Optical signalling methods (such as fluorescence) are sensitive and selective, and provide a platform for real-time response, and local observation. As chemosensors are designed to be both targeting (i.e. can recognize and bind a specific species) and sensitive to various concentration ranges, they can be used to observed real-live events on the cellular level. As each molecule can give rise to a signal/readout, that can be selectively measured, chemosensors are often said to be non-invasive and consequently have attracted significant attentions for their applications within biological matter, such as within living cells. Many examples of chemosensors have been developed for observing cellular function and properties, including monitoring ion flux concentrations and transports within cells such as Ca(II), Zn(II), Cu(II) and other physiologically important cations and anions, as well as biomolecules.

The design of ligands for the selective recognition of suitable guests such as metal cations and anions has been an important goal of supramolecular chemistry. The term supramolecular analytical chemistry has recently been coined to describe the application of molecular sensors to analytical chemistry. Small molecule sensors are related to chemosensors. However, these are traditionally considered as being structurally simple molecules and reflect the need to form chelating molecules for complexing ions in analytical chemistry.

==History==
While chemosensors were first defined in the 1980s, the first example of such a fluorescent chemosensor can be documented to be that of Friedrich Goppelsroder, who in 1867, developed a method for the determination/sensing of aluminium ion, using fluorescent ligand/chelate. This and subsequent work by others, gave birth to what is considered as modern analytical chemistry.

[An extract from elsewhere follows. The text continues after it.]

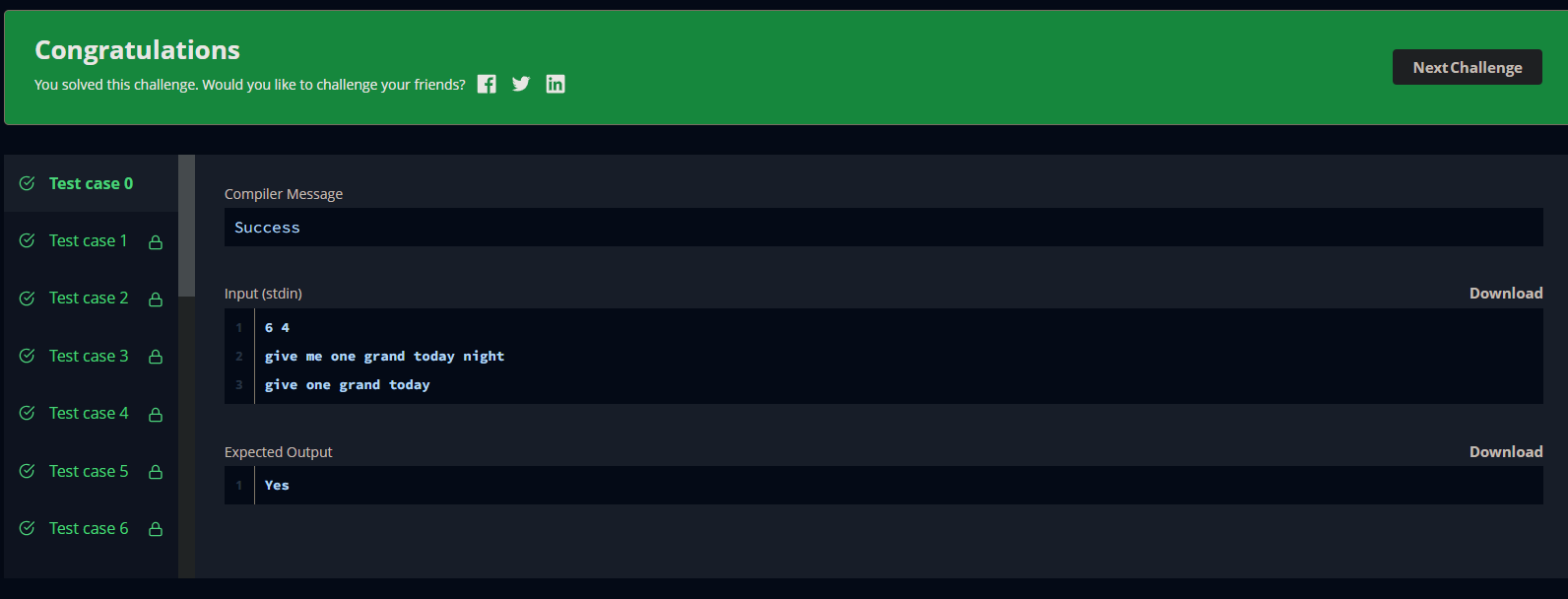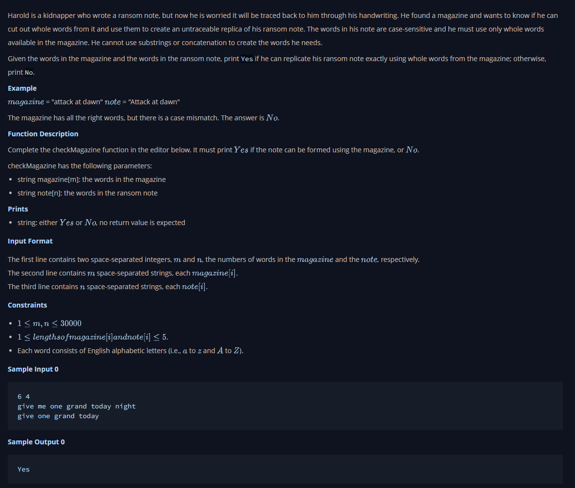 - 주어진 두 A, B string 배열을 비교하여, A배열에서 단어를 완벽히 사용하여 B 배열의 문장을 완성할 수 있는지 확인하여, 그 여부를 출력하는 간단한 문제이다.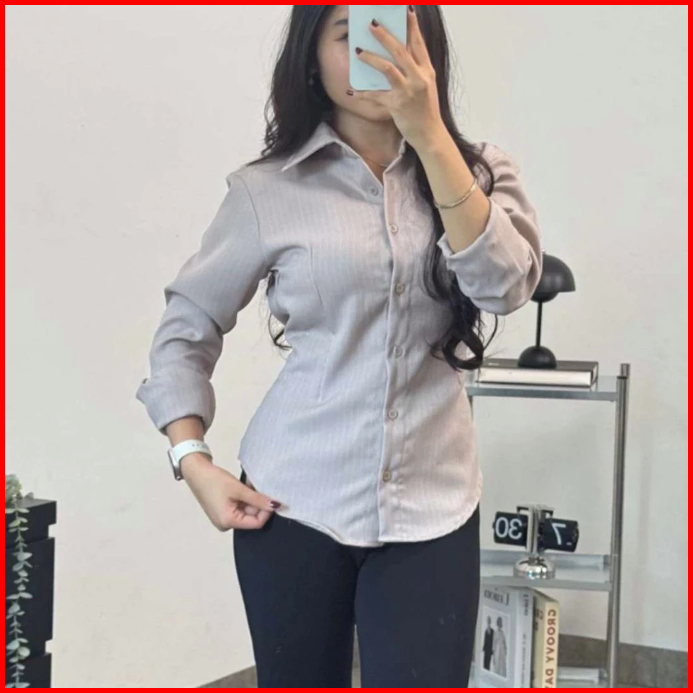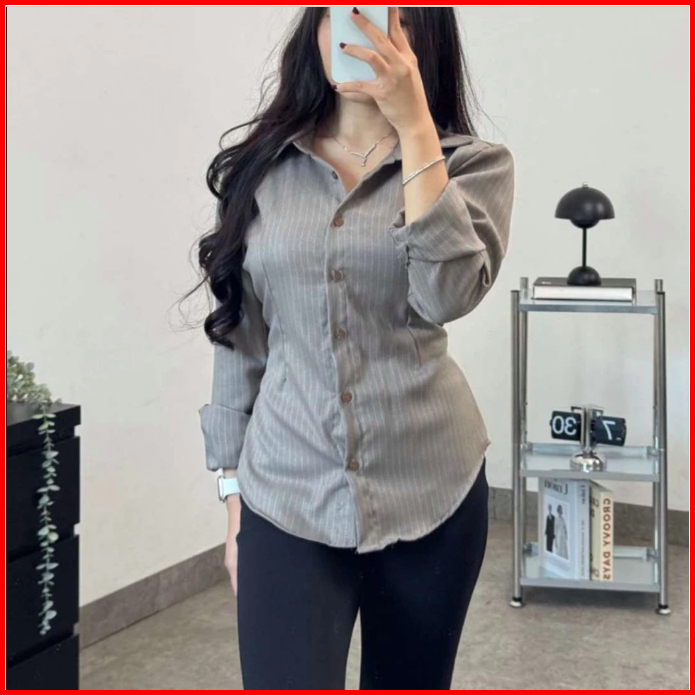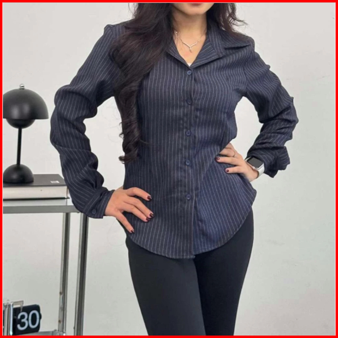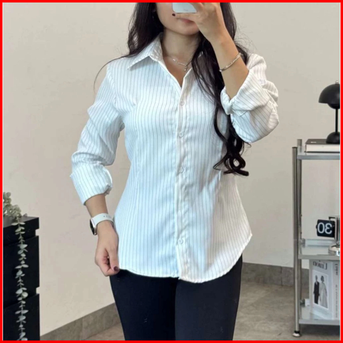 Kemeja Fitted Wanita Original Motif Salur Atasan Lengan Panjang Bahan Premium

In the 1980s the development of chemosensing was achieved by Anthony W. Czarnik, A. Prasanna de Silva and Roger Tsien, in the book Fluorescent Chemosensors for Ion and Molecule Recognition. They focused on the analysis of various types of luminescent probes for ions and molecules in solutions and within biological cells, for real-time applications. Czarnik introduced the term 'chemosensor' to describe synthetic compounds capable of binding to analytes and providing a reversible signaling response. Tsien went on to studying and developing this area of research further by developing and studding fluorescent proteins for applications in biology, such as green fluorescent proteins (GFP) for which he was awarded the Nobel Prize in Chemistry in 2008. The work of Lynn Sousa in the late 1970s, on the detection of alkali metal ions, possibly resulting in one of the first examples of the use of supramolecular chemistry in fluorescent sensing design, as well as that of J.-M. Lehn, H. Bouas-Laurent and co-workers at Université Bordeaux I, France. The development of PET sensing of transition metal ions was developed by L. Fabbrizzi, among others.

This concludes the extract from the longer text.